This article considers the new Public Procurement (Miscellaneous Amendments) Regulations 2011 (“the 2011 Regulations”) which will come into force on 1 October 2011. These Regulations will amend the Public Contracts Regulations 2006 (“PCR”), the Utilities Contracts Regulations 2006 and other related legislation.  This article focuses on the amendments to the PCR made by the 2011 Regulations.

The 2011 Regulations make some key changes to the time limits for bidders to issue legal proceedings including a new limitation period for bringing proceedings of just 30 days.  There are also some changes to the automatic suspension regime and the mandatory reasons for rejecting a participant.

The main changes are:

  • The time limit for bringing legal proceedings is reduced from three months to 30 days from the date of knowledge of the alleged breach.  From 1 October, bidders will have to challenge within a 30 day period or risk being out of time.  The 30 day period will start from when the challenger first knew or ought to have known that there were grounds for bringing a challenge (“the date of knowledge”).  The Court will still have a discretion to extend time where there is good reason for doing so, up to a maximum of three months from the date of knowledge.  The new time limit will apply to all claims (other than those claiming the ineffectiveness remedy) where the date of knowledge is on or after 1 October 2011.
  • There is no longer an additional requirement to bring proceedings promptly.

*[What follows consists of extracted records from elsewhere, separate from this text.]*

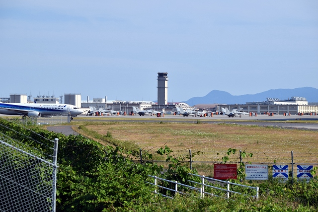 全日空旅客機定期便は米海軍艦載機 EA-18G グラウラー 電子戦機(三沢基地)、4機の前を通ってターミナルに向かいます。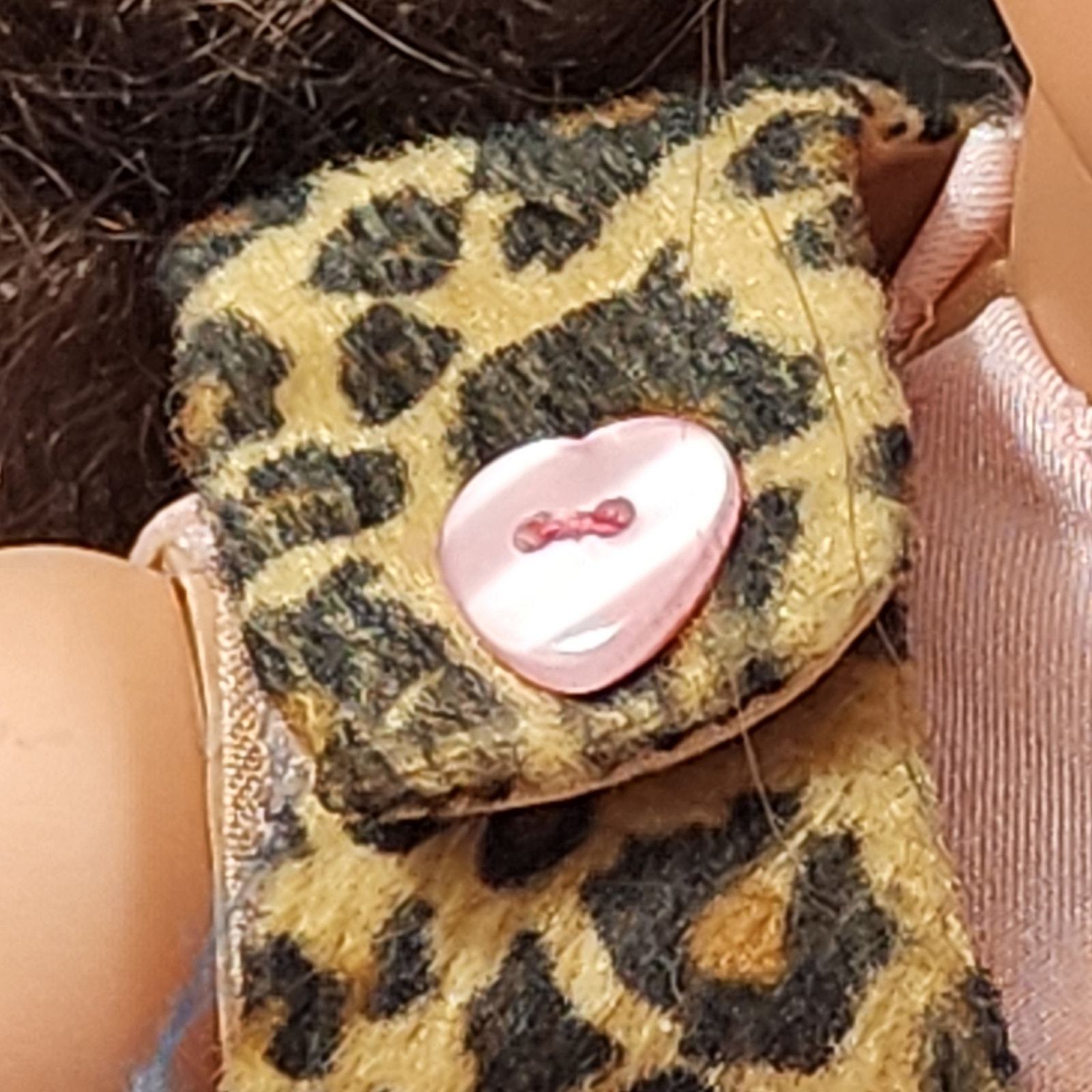Leopard Cheetah Animal Print Dress and Faux Black Leather Flats Shoes Fits 18" Dolls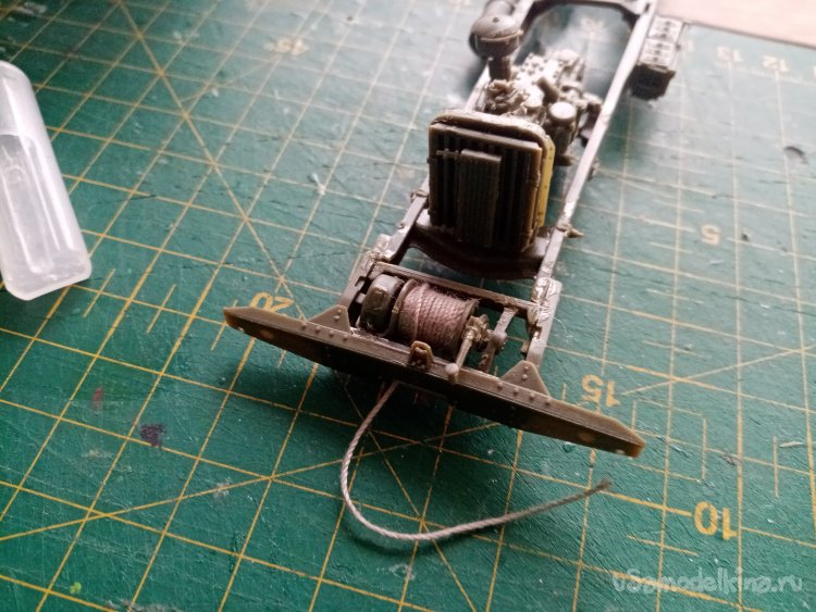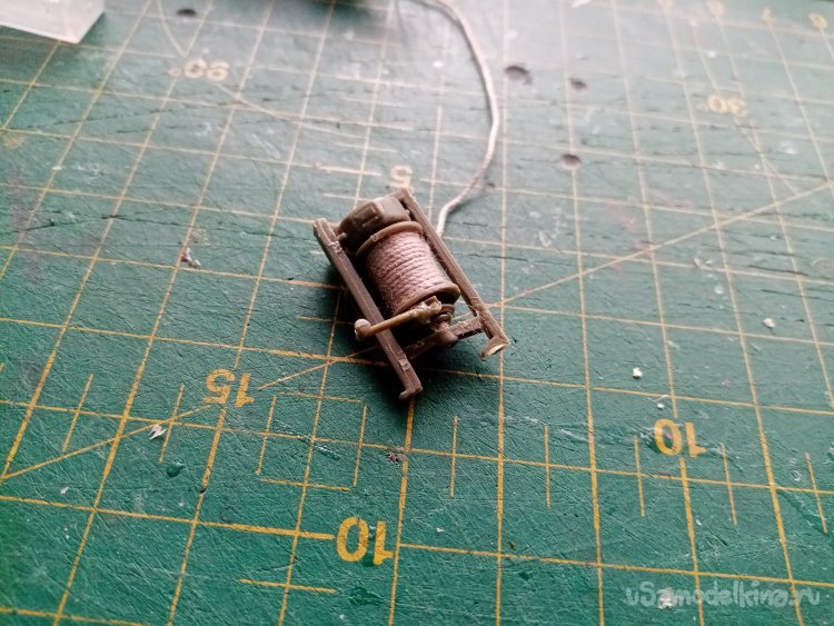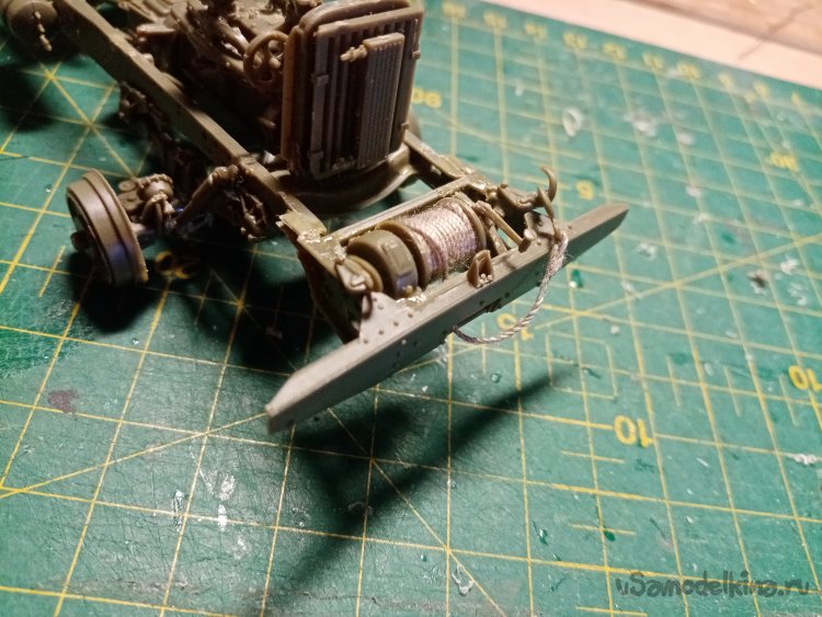 На барабан лебедки наматываю очень похожий трос в соответствии с инструкцией. Очень подробная деталировка. Даже рычаг управления лебедкой имеется.

The PCR currently state that the time limit for bringing a procurement challenge is “promptly and in any event within 3 months”.  The need to act promptly has been problematic since the January 2010 judgment of the European Court of Justice in Uniplex (UK) Ltd v NHS Business Services Authority which confirmed that UK requirements for a challenge to be brought promptly were contrary to EU law because they prevented claimants from knowing the exact time limit that would apply.  The legislation has now caught up and the requirement to act promptly has been removed. 
  • Proceedings are to be regarded as started when the claim form is issued at Court, rather than when it is served on the Defendant.  This amendment closes a technical loophole in the PCR concerning the start of the ‘automatic suspension’.  If a claimant starts court proceedings under the PCR, as long as those proceedings are started before the contract has been awarded, an automatic suspension is imposed on the procurement so that the contracting authority is prevented from entering into the contract.  From 1 October 2011, proceedings are deemed to have “started” on the date that proceedings are issued at Court (rather than when they are served, as was the case previously).  The onus is on the challenging bidder to tell the contracting authority that the claim has been issued.  Only then will the automatic suspension take effect.  The claim form must be formally served on the contracting authority within seven days of the claim being issued.
  • The award decision notice only has to be sent to tenderers who have not been definitely excluded from the competition.  The current requirement is for all candidates and tenderers to be told about the start of the standstill period and be given the relevant debriefing information.  The 2011 Regulations relax this requirement where it is clear that a tenderer has already been excluded, has been notified of this and where it is too late for them to bring a challenge in respect of their exclusion.  This amendment should be treated with caution as it will apply to relatively few scenarios.  In the vast majority of cases tenderers will still need to be given the full debriefing information under Regulation 32 of the PCR. 
  • Some additional mandatory exclusions have been introduced.   The grounds on which a participant must be rejected under Regulation 23 of the PCR have been updated to reflect changes in legislation and to reflect the criminal offences in the Bribery Act 2010 and the Fraud Act 2006.

Implications for bidders and contracting authorities

The amendments to the PCR clearly place a more onerous requirement on bidders who consider that the PCR may have been breached to quickly gather information, seek legal advice, and, if appropriate, ensure that legal proceedings are brought before the expiry of the 30 day deadline.  Whilst the pressure will be on bidders to decide whether to issue proceedings in a short space of time, the result should be more certainty for contracting authorities and a quicker resolution of any disputes.

When the amendments come into force on 1 October 2011, it will remain to be seen whether some claimants will feel forced into issuing proceedings within 30 days to protect their position while more information is gathered about what went wrong (if anything) with the procurement process.  Contracting authorities and claimants will need to move quickly and cooperate during the standstill period to ensure that proceedings are not issued unnecessarily.  This will be a challenge for both bidders and contracting authorities alike.

As recent court cases have shown, this is also further warning that bidders should act quickly when they spot a potential breach or lack of clarity in the procurement documents as the time limit for bringing a claim can start to run even before the award decision is made.  Further, the clock can start ticking when bidders have a clear indication that there has been a breach even if they do not know all of the facts which would prove the breach.  The message is that bidders who ‘wait and see’ may be out of time. 

To date, the Courts have been reluctant to exercise their discretion to extend time.  Given that the time limit has now been reduced to 30 days, it will be interesting to see how generous the Courts are prepared to be in extending time up to the new maximum of three months and whether they will be sympathetic to bidders who have not been able to start proceedings within 30 days.  Bidders should certainly not rely on this being the case.